Johns Hopkins’ Regulatory Affairs Microcredentials equip you with the knowledge and tools to better navigate FDA approval processes, ensuring life-saving products reach patients safely and efficiently. Whether you’re starting your career or advancing your expertise, these flexible microcredentials position you to make an impact.

Why Choose Johns Hopkins Microcredentials in Regulatory Affairs?

Our courses are designed to build industry-recognized competencies in drug development, medical devices, and biotechnology oversight:

  • Introduction to the FDA – A foundational course that awards a Certificate of Completion, introducing core regulatory concepts.
  • Advanced FDA Series (5 courses) – Each course awards a Certificate of Competency, validating your mastery of specialized topics in FDA submissions, compliance, and regulatory strategy.
  • Certificate of Achievement – Upon completing all courses in the Advanced FDA Series, learners earn a Certificate of Achievement, showcasing their cumulative expertise and commitment to professional growth. NOTE: Registering up-front for the Certificate of Achievement bundle, grants you access to all six courses at a 10% cost savings.

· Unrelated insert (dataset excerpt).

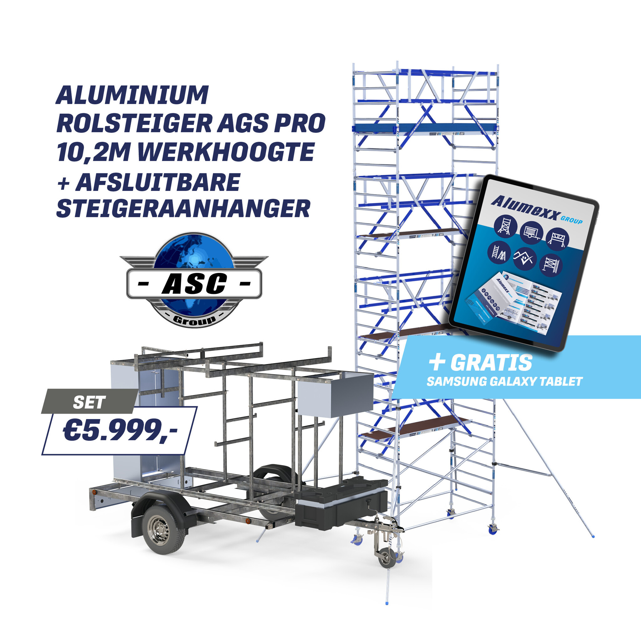 Deze ASC AGS Pro rolsteiger wordt in combinatie met de afsluitbare Euroscaffold steigeraanhanger 250, speciaal ontwikkeld om rolsteigers makkelijk te vervoeren.
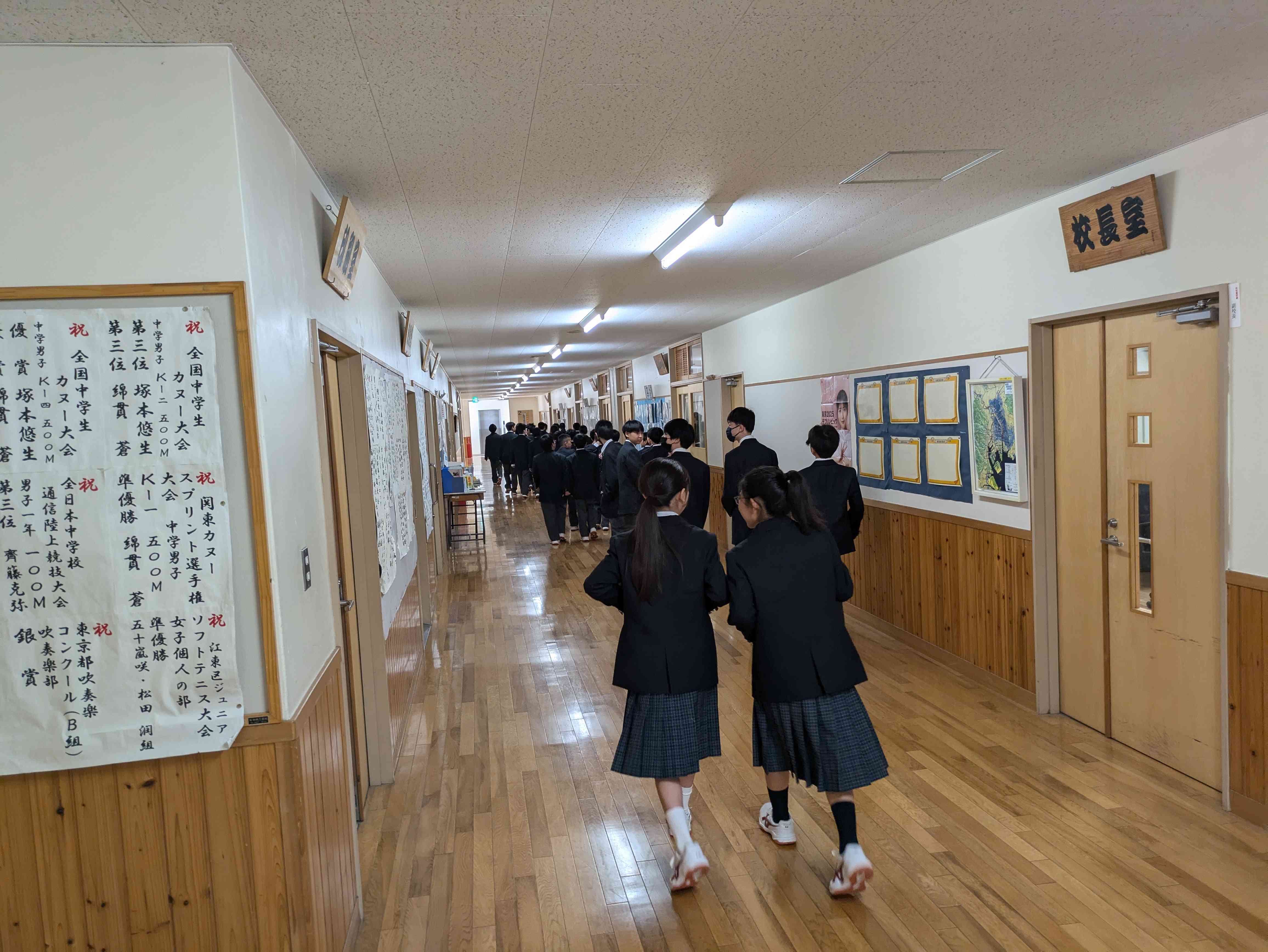 職員室前がにぎやかなので、見てみると1年生が校内巡りをしています。担任の先生の説明を、うなずきながらよく聞いています。 すれ違うと笑顔で挨拶をしてくれました。 この笑顔を大切に成長してほしいと思います。

Flexible Learning, Recognized Credentials

Self-paced and expert-designed, the courses allow you to tailor your learning to your goals. Earn individual microcredentials or complete the full series on your pathway toward advancement in Regulatory Affairs.

Start your journey today with Johns Hopkins and gain the skills and knowledge to thrive in this evolving, high-demand field.

Regulatory Affairs Microcredential Course Overviews

Introduction to the FDA

This foundational course introduces learners to the U.S. Food and Drug Administration, focusing on its history, mission, organizational structure, and core functions. Designed to build a baseline understanding, the course provides essential insights into how the FDA operates and regulates key areas of public health.

Learning Objectives

  1. Identify the Organizational Structure: You will learn about the organizational hierarchy and the key roles within the FDA, gaining insights into how this vital agency operates.
  2. Explain Regulatory Scope: You’ll explore the regulatory scope and responsibilities of the major FDA centers, including the Center for Drug Evaluation and Research (CDER), the Center for Biologics Evaluation and Research (CBER), and the Center for Devices and Radiological Health (CDRH).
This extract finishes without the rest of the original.